DATA FOR PROCESSING →
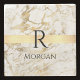 White & Gold Marble, Black Name & Monogram Stone Coaster
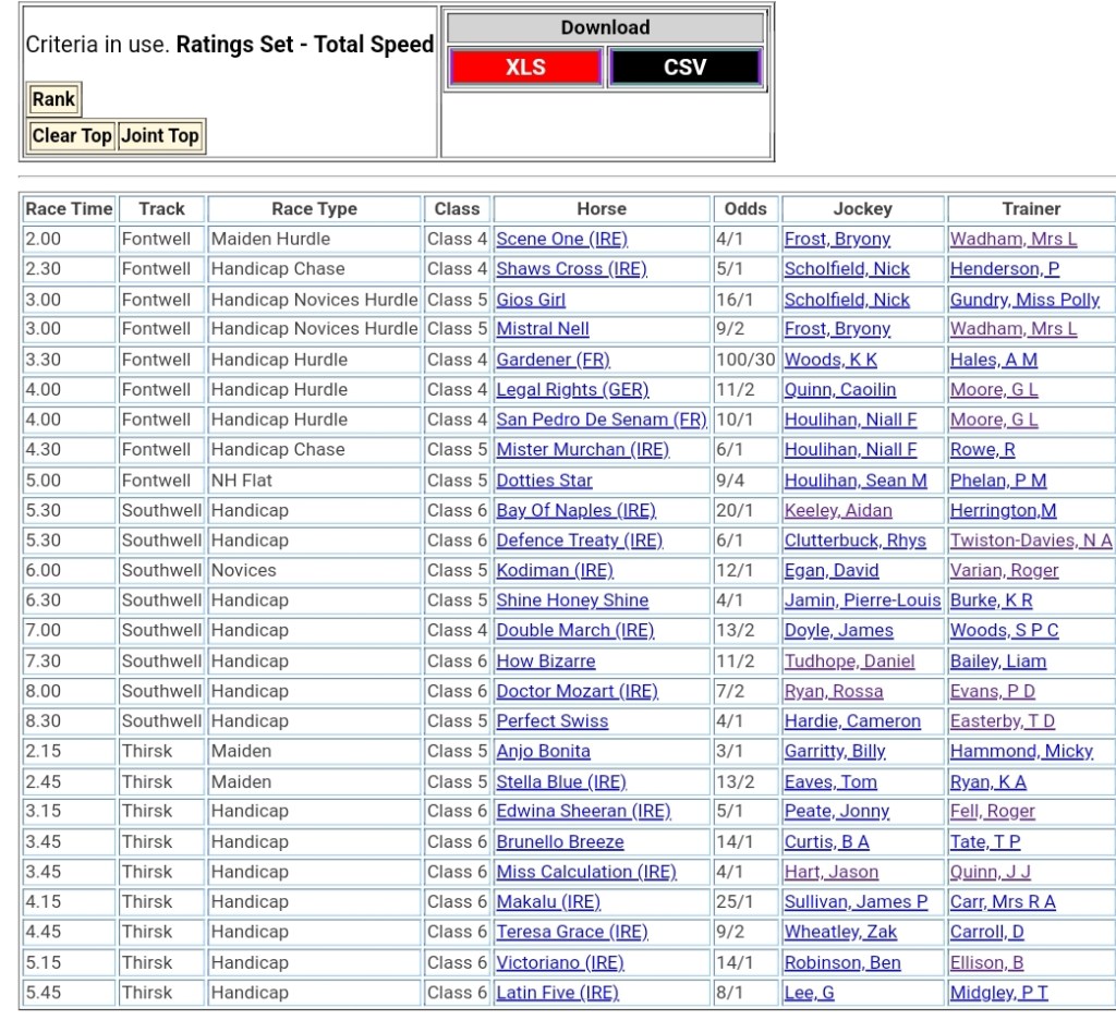 Top Speed Rated for Tuesday’s meetings ⏱️
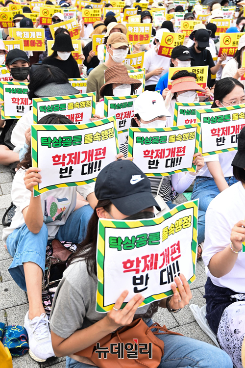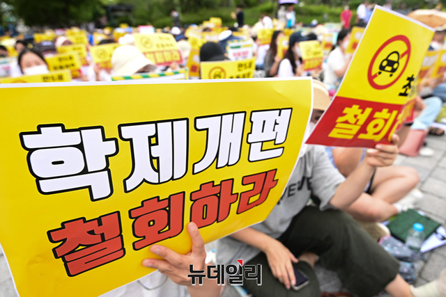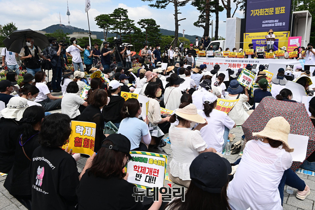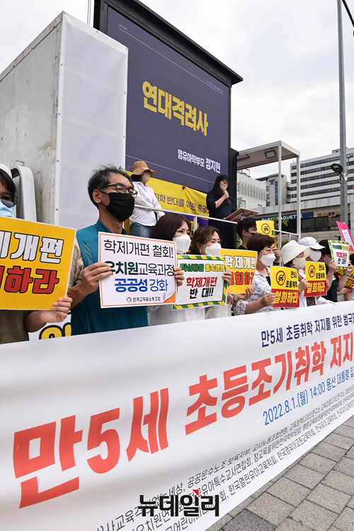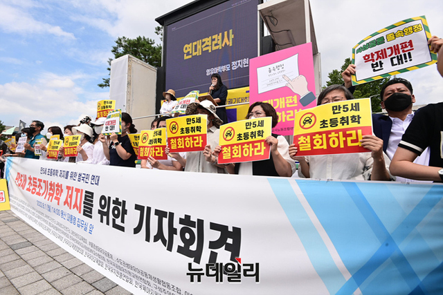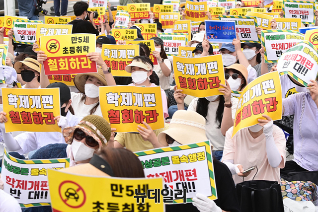 이들은 "만 5세 유아의 조기 취학은 인지와 정서 발달 특성상 부적절하다"며 "입시 경쟁과 사교육의 시기를 앞당기는 부작용을 초래할 수밖에 없다"고 주장했다. 이어 "앞으로도 학제 개편 반대 시위를 이어가겠다"고 말했다.
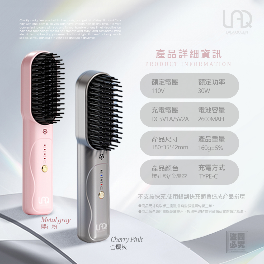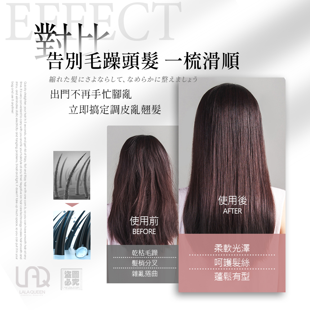 🎁 為什麼選擇 Lala Queen 負離子迷你無線直髮梳
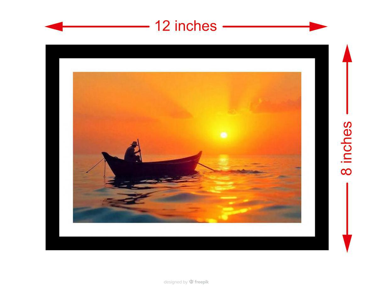 Stunning silhouette! A lone fisherman rows into a golden sunset, a breathtakingly serene and picturesque moment. Colors pop, details are crisp - a true visual feast. The reprint's striking composition breathes new life into the photograph, revealing its inherent beauty. Versatile Decor: Ideal for enhancing the aesthetic appeal of living rooms and bedrooms Enhanced Durability: Weather-shield laminated digital print for lasting vibrancy and protection Premium Framing: Constructed with a high-quality, durable fiber frame for long-term stability Precise Dimensions: 30 cm x 20 cm x 1 cm
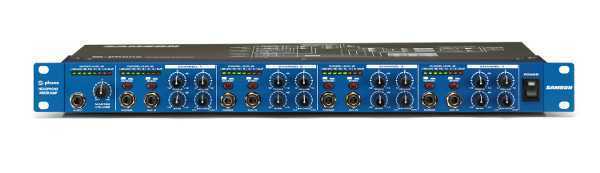 4-kanálový sluchátkový zesilovač * každý kanál: 3 sluchátkové výstupy, nastavení hlasitosti, 8-segmentový LED displej s indikací signálu, stereo Aux vstup s ovladačem balance pro monitoring mixáže, 2-pásmový equalizer * přepínatelné režimy: mute, Stereo/2Channel
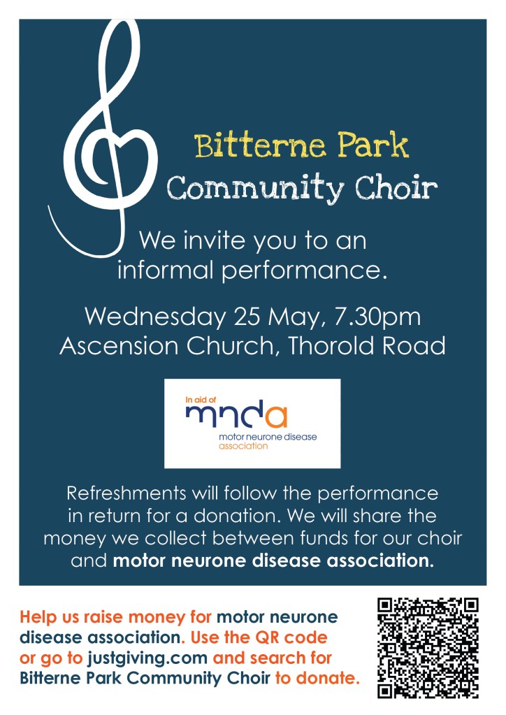 Refreshments will follow the performance in return for a donation. We will share the money collected between funds for our choir and the Motor Neuron Disease Association (MNDA). MNDA focuses on improving access to care, research and campaigning for those people living with, or affected by, motor neurone disease in England, Wales and Northern Ireland.
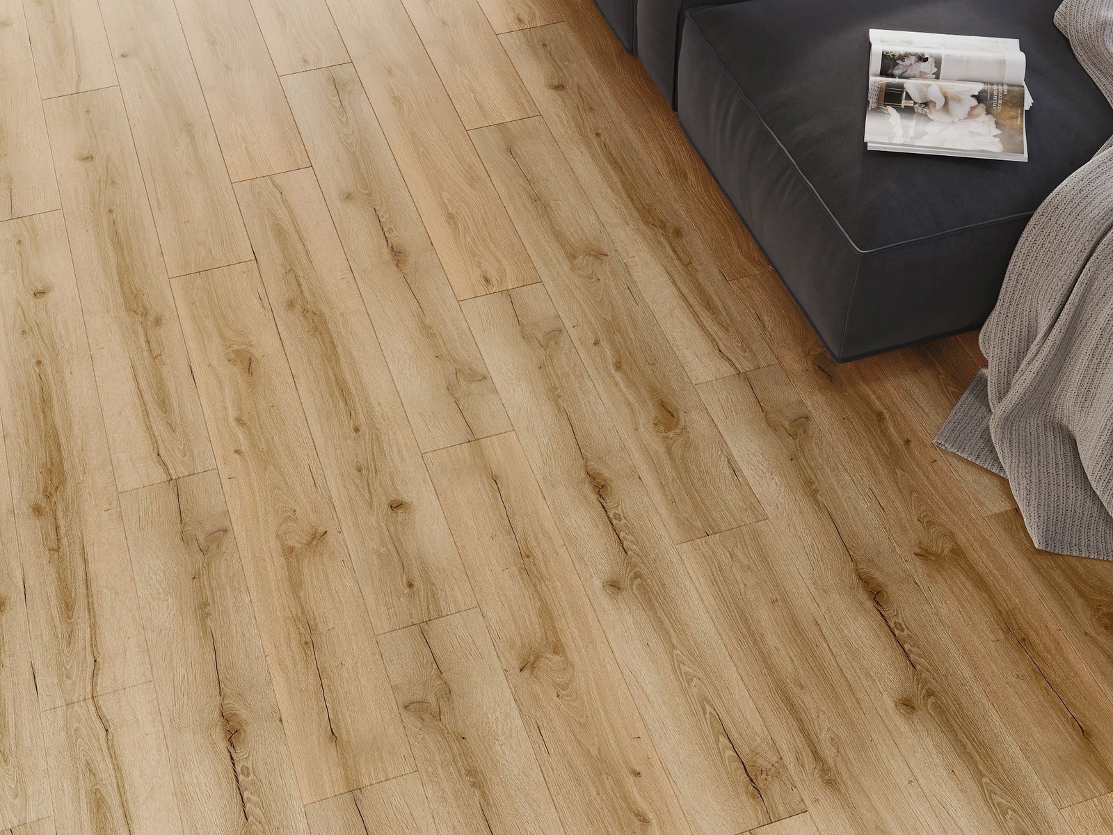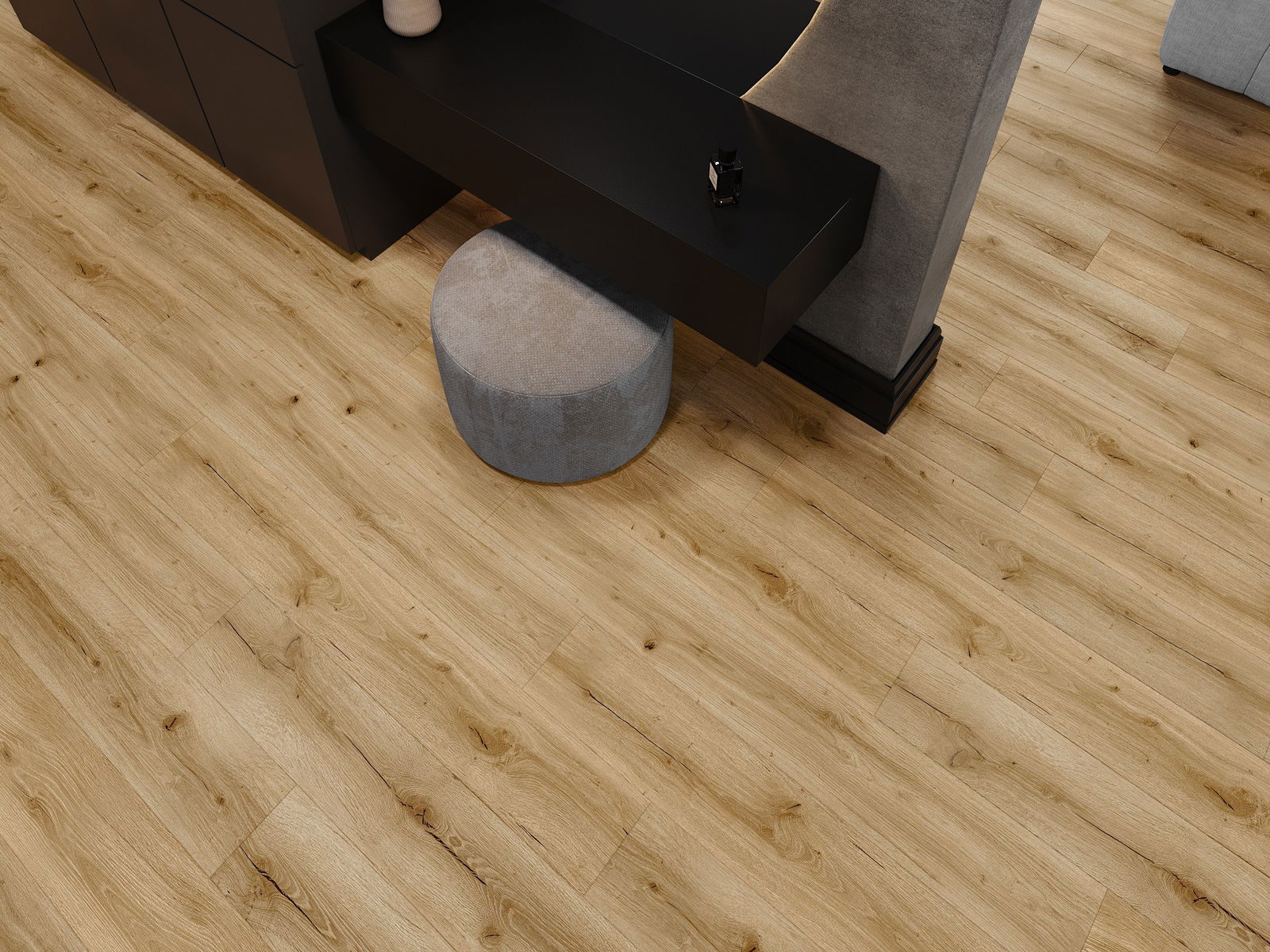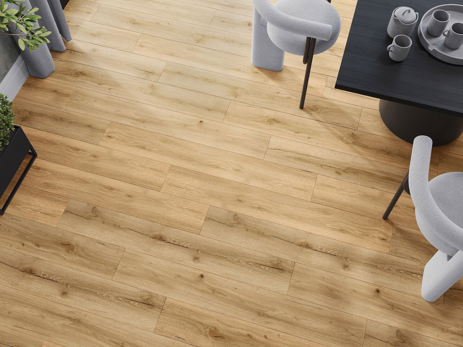 Skydas išsiskiria subtiliais raštais ir įspaudais, kurie puikiai imituoja pasirinktos medienos rūšį. Dėl šio efekto patalpa įgyja elegantišką, o tuo pačiu natūralų ir jaukų pobūdį.
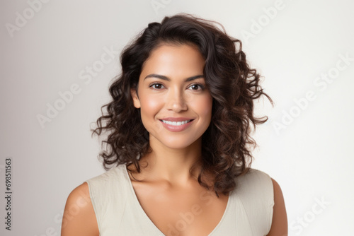 Beautiful young hispanic woman laughing isolated on white background
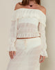 Kalena Long Sleeve Bardot Top in Chiffon Plisse Ivory
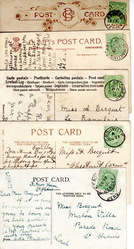 | 80 | JERSEY - Group of 5 KEVII period postcards all used with different Jersey sub Post Office datestamps - Augres, Beaumont, Grouville, St Martins and St. Owens | 14.00 | | |
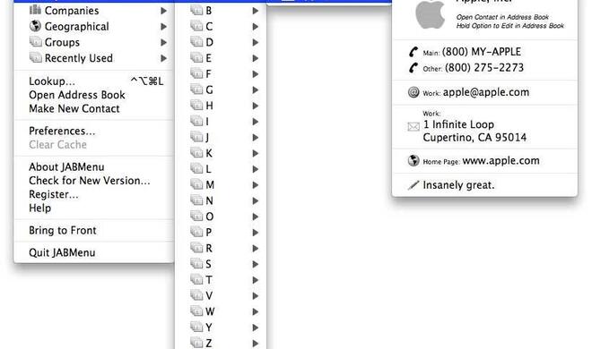 Menü-AdressbuchJABMenu 2.1.2 Das Adressbuch in Mac OS X ist mehr als eine Anwendung, es ist ein systemweiter Dienst, der eben nicht nur von dem gleichnamigen Programm, sondern beispielsweise...
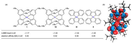 (a) Theoretically calculated LUMO levels and electron affinity (EA in eV) values for Si- and Ge-spirobifluorenes II, III, 1 and 10. (b) LUMO of 1; all calculations were carried out at the B3PW91-D3(BJ)/6-311G(2d,p) level of theory.
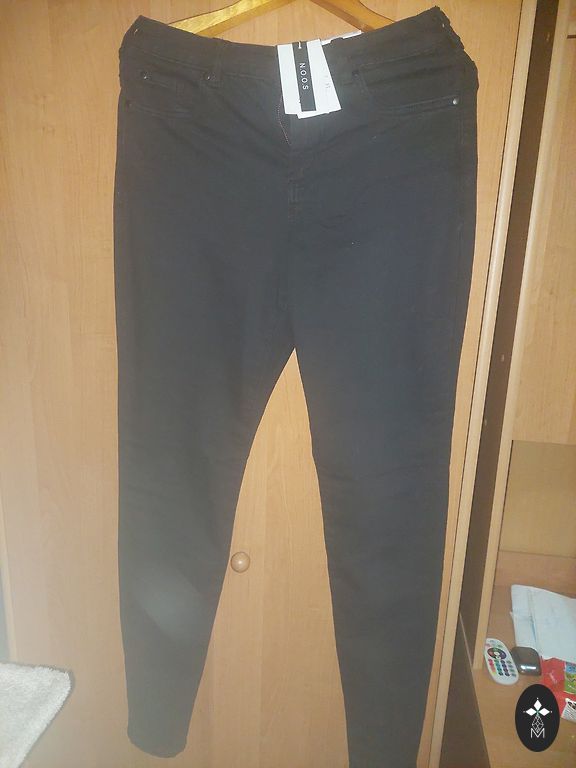 Elastīga materiāla Džinsi melnā krāsā ar nodiluma efektu, sašaurināti, ar pērlīšu apdari kājas lejasdaļā. Viduklis 80, gurni 90, kopējais garums 100, iekšējās vīles garums 70.

WHAT YOU WILL DO →
Up to and including the line that contains "4-kanálový sluchátkový zesilovač", print the records above exactly from their first line, without any pictures.

YOUR RESPONSE →
 White & Gold Marble, Black Name & Monogram Stone Coaster
 Top Speed Rated for Tuesday’s meetings ⏱️
 이들은 "만 5세 유아의 조기 취학은 인지와 정서 발달 특성상 부적절하다"며 "입시 경쟁과 사교육의 시기를 앞당기는 부작용을 초래할 수밖에 없다"고 주장했다. 이어 "앞으로도 학제 개편 반대 시위를 이어가겠다"고 말했다.
 🎁 為什麼選擇 Lala Queen 負離子迷你無線直髮梳
 Stunning silhouette! A lone fisherman rows into a golden sunset, a breathtakingly serene and picturesque moment. Colors pop, details are crisp - a true visual feast. The reprint's striking composition breathes new life into the photograph, revealing its inherent beauty. Versatile Decor: Ideal for enhancing the aesthetic appeal of living rooms and bedrooms Enhanced Durability: Weather-shield laminated digital print for lasting vibrancy and protection Premium Framing: Constructed with a high-quality, durable fiber frame for long-term stability Precise Dimensions: 30 cm x 20 cm x 1 cm
 4-kanálový sluchátkový zesilovač * každý kanál: 3 sluchátkové výstupy, nastavení hlasitosti, 8-segmentový LED displej s indikací signálu, stereo Aux vstup s ovladačem balance pro monitoring mixáže, 2-pásmový equalizer * přepínatelné režimy: mute, Stereo/2Channel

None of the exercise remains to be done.